[Collection entries]
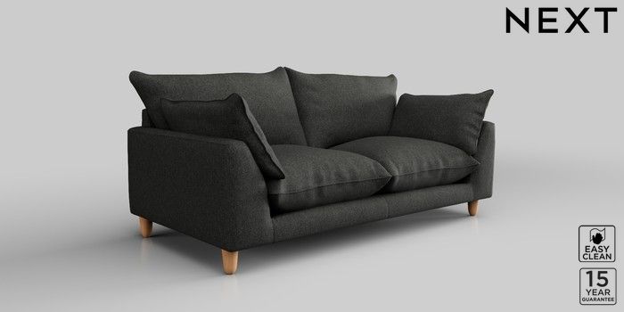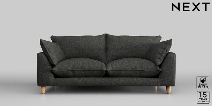 7.2.10 Noa Deep Relaxed Sit 3 Seater Small Sofa Tweedy Blend Easy Clean Charcoal Grey High Leg - Light | Made Click here to use our website with more accessibility support, for example screen readers
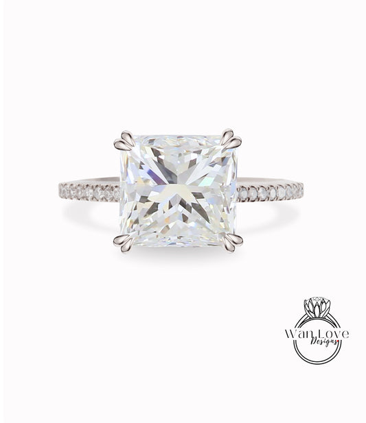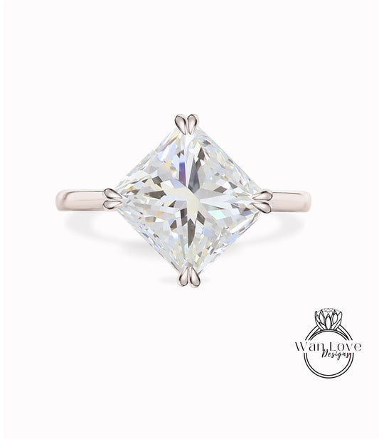 Radiant Diamond engagement ring white gold Lab Diamond ring prong vintage solitaire Unique wedding Bridal Promise Anniversary ring
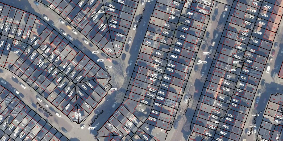 Het perceel waarop Padangstraat 22 staat heeft een oppervlakte van 102 m². Dit is een middelgroot perceel. De perceeloppervlakte wordt geregistreerd door het Kadaster. Gedetailleerde informatie over de maten van dit perceel kunt u vinden in het rapport Kadastrale kaart met maatvoering van Padangstraat 22.
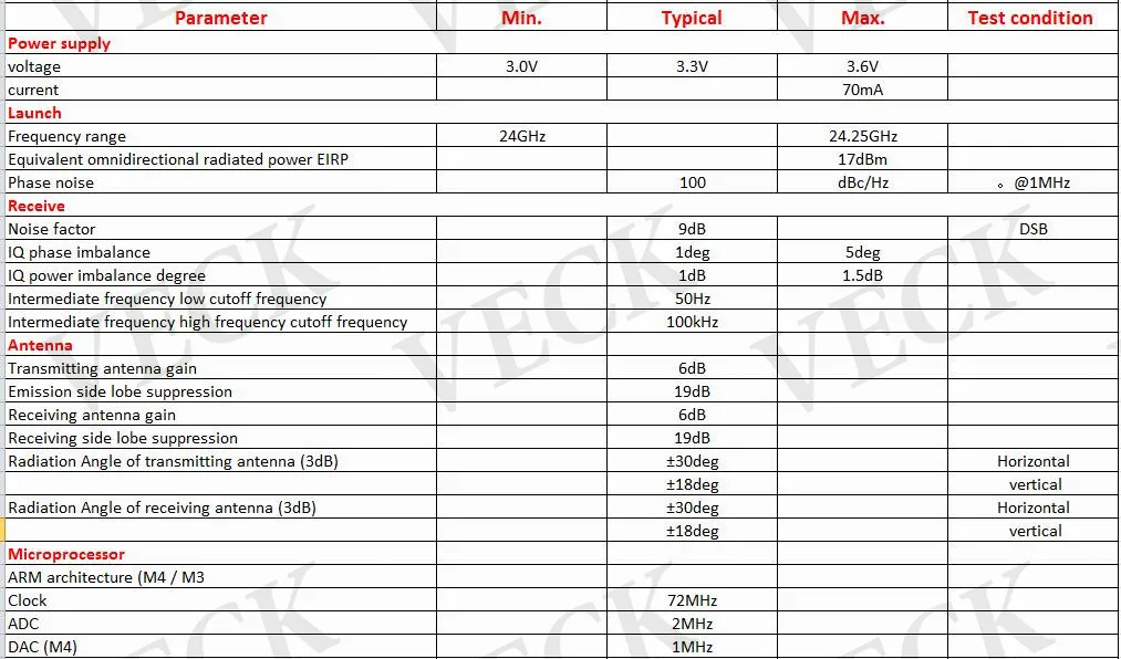 Рабочая частота: 24 ~ 24,25 ГГц Диапазон обнаружения: 0,3 ~ 6 м Максимальная эквивалентная всенаправленная Излучаемая мощность (EIRP):17dBm Фазовый шум: 100dBc/Гц @ 1 МГц Коэффициент приема шума: 9 дБ DSB Получить дисбаланс фазы IQ:<5deg Получение дисбаланса мощности IQ: <1,5 дБ Получить Максимальное усиление напряжения: 45 дБ 3,3 В одиночный источник питания, максимальный ток: 70 мА Размер: 25*25 мм
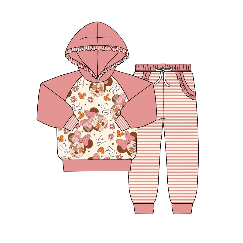 Baby Girls Long Sleeve Hooded Mouse Shirt Pink Stripes Pants Clothing Sets Preorder(moq 5)
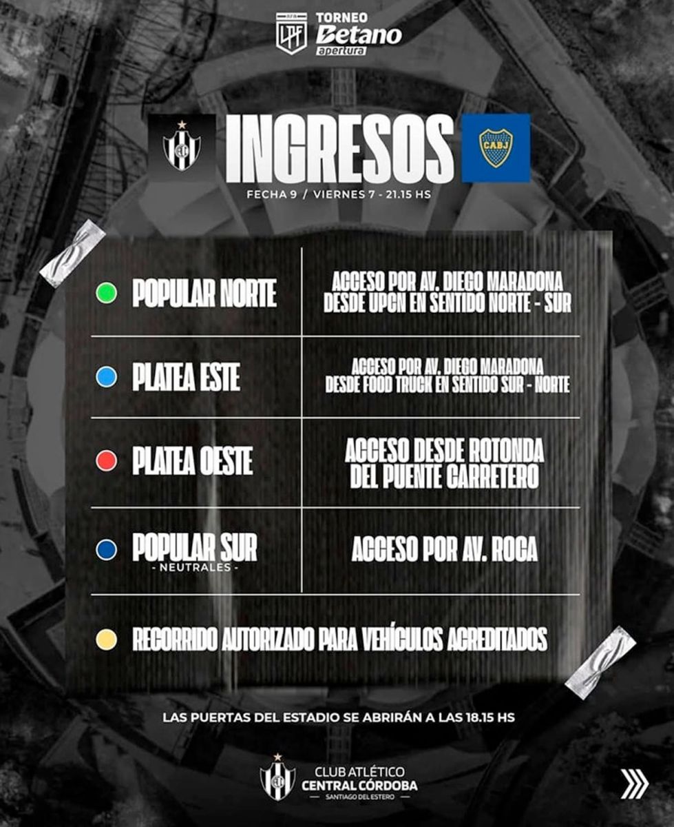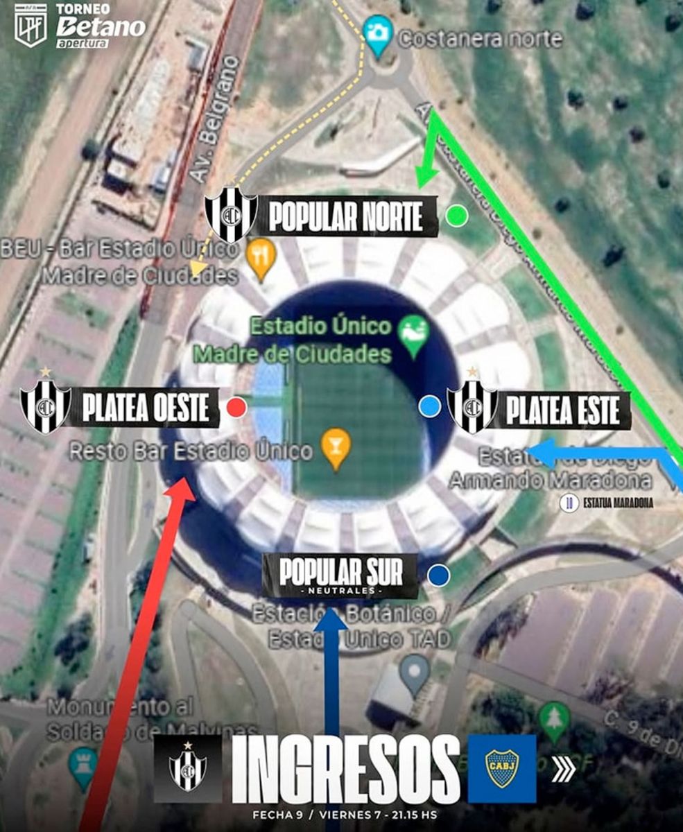 En ese sentido, se informó que los accesos al estadio serán de la siguiente manera:
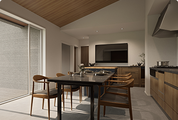 畑で採れた野菜を料理し、ふたりでゆっくり味わう時間が日常に。家族や友人を招く日は、ダイニングが語らいとおもてなしの中心の場となります。
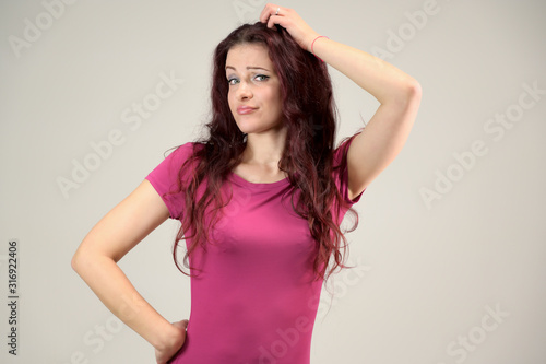 Portrait of a pretty slim brunette woman with emotions in a pink dress and with brown hair on a white background in the studio. The model is smiling and talking nicely.
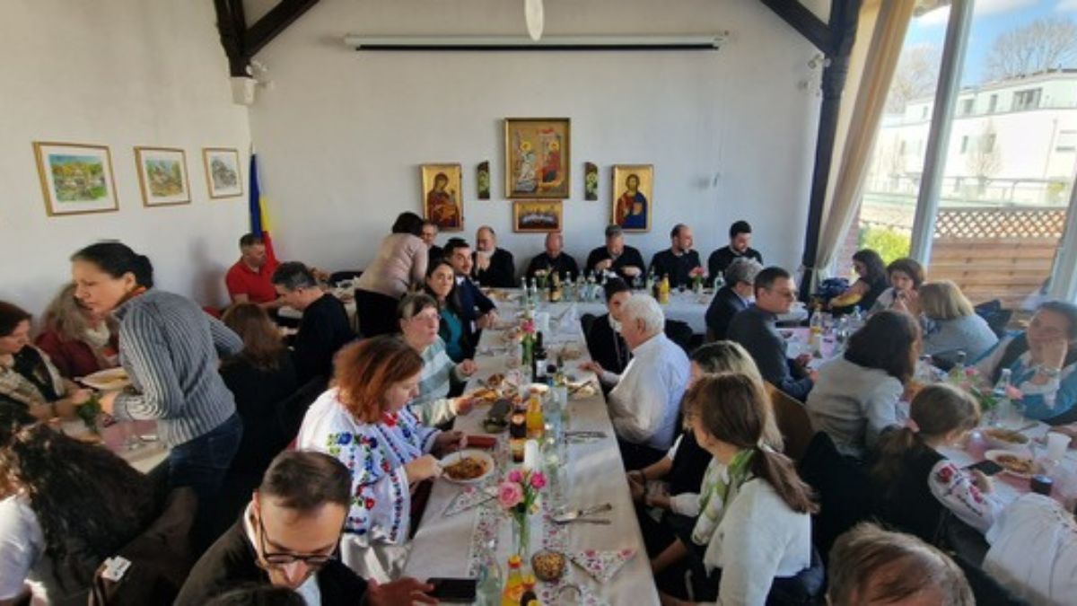 Membrii Ansamblului „Hora„, ansamblul propriu al parohiei, au venit în porturi populare pline de culoare, la fel ca și membrii Ansamblului „Zestrea” din Straubing, veniți special pentru această ocazie. Imaginea costumelor tradiționale în naveta unei biserici din inima Bavariei a spus mai mult decât orice discurs despre rezistența identității românești în Europa. La finalul Liturghiei, pr. Alexandru Nan a mulțumit ierarhului, iar întreaga comunitate s-a așezat la masă împreună — o agapă frățească organizată de doamnele comitetului parohial, sub coordonarea doamnei preotese Daniela Nan.

WORK TO BE COMPLETED:
Above are some entries; copy exactly the lines from the line with "Baby Girls Long" through the line with "Portrait of a", both included, but none of the pictures.

RESPONSE TO THIS TASK:
 Baby Girls Long Sleeve Hooded Mouse Shirt Pink Stripes Pants Clothing Sets Preorder(moq 5)
 En ese sentido, se informó que los accesos al estadio serán de la siguiente manera:
 畑で採れた野菜を料理し、ふたりでゆっくり味わう時間が日常に。家族や友人を招く日は、ダイニングが語らいとおもてなしの中心の場となります。
 Portrait of a pretty slim brunette woman with emotions in a pink dress and with brown hair on a white background in the studio. The model is smiling and talking nicely.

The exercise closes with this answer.